I’m officially confused. I thought the tea party was all about small government. Or was WaPo right that no one’s quite sure what the tea party’s all about anymore?

Paul, the Gulf Coast congressman whose 2008 presidential run excited libertarians nationwide, even though he didn’t get much traction overall, is considered by many to be the “father of the Tea Parties.” But he has three opponents in the March Republican primary – more than he has faced in his past six primary campaigns combined…

John Gay, Paul’s third opponent, said he has attended several Tea Parties and related meetings. Both Wall, a machine supervisor, and Graney, a former small-business owner, have helped organize local rallies.

Tea Party associations aside, many of the challengers’ criticisms echo concerns of Paul’s past opponents: that he is too focused on his national ambitions; that his views are too extreme; that he doesn’t support the wars in Iraq and Afghanistan; that he votes “no” on everything, including federal aid for his district after Hurricane Ike.

“The word I keep hearing is ‘ineffective,’ ” said Gay, a school business administrator. “This district is not really being represented as it could be.”

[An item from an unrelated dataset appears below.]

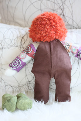 Во первых у нее куча волос на голове которые я три дня пришивала КАЖДУЮ волосину руками три раза !!! Ну потом веснушки, и получился мальчик, а точнее именно такой мальчик про которого я мечтала всегда чтоб у меня был такой рыженький с веснушками и толстенький.
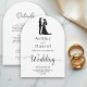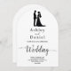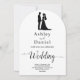 Diese elegante Schwarzweiß-Bogenhochzeit lädt zu einer modernen Hochzeit ein. Das einfache Design zeichnet sich durch eine elegante schwarze Kalligraphie und eine Braut- und Bräutigam-Illustration auf einem sauberen, weißen Hintergrund aus. Die Einladungskarte enthält die Hochzeitsdetails auf der Rückseite, anstatt für eine separate Kapselkarte zu bezahlen.

The only sin Paul’s clearly guilty of in tea-party eyes is earmarking; his foreign policy is obviously a major issue, but unless I missed a memo, there’s no concrete foreign policy (i.e. isolationist vs. interventionist) that’s been settled on by a majority of tea partiers. Palin took a clear stance on national security issues in her speech, but that was the whole point of A.C. Kleinheider’s objection to it — that she was grafting neoconservative Republican ideas on terrorism onto a movement that ultimately has little to do with that. Exit question: If not even Ron Paul’s safe from tea party challenges, who is? Palin, and probably Marco Rubio, and … who else?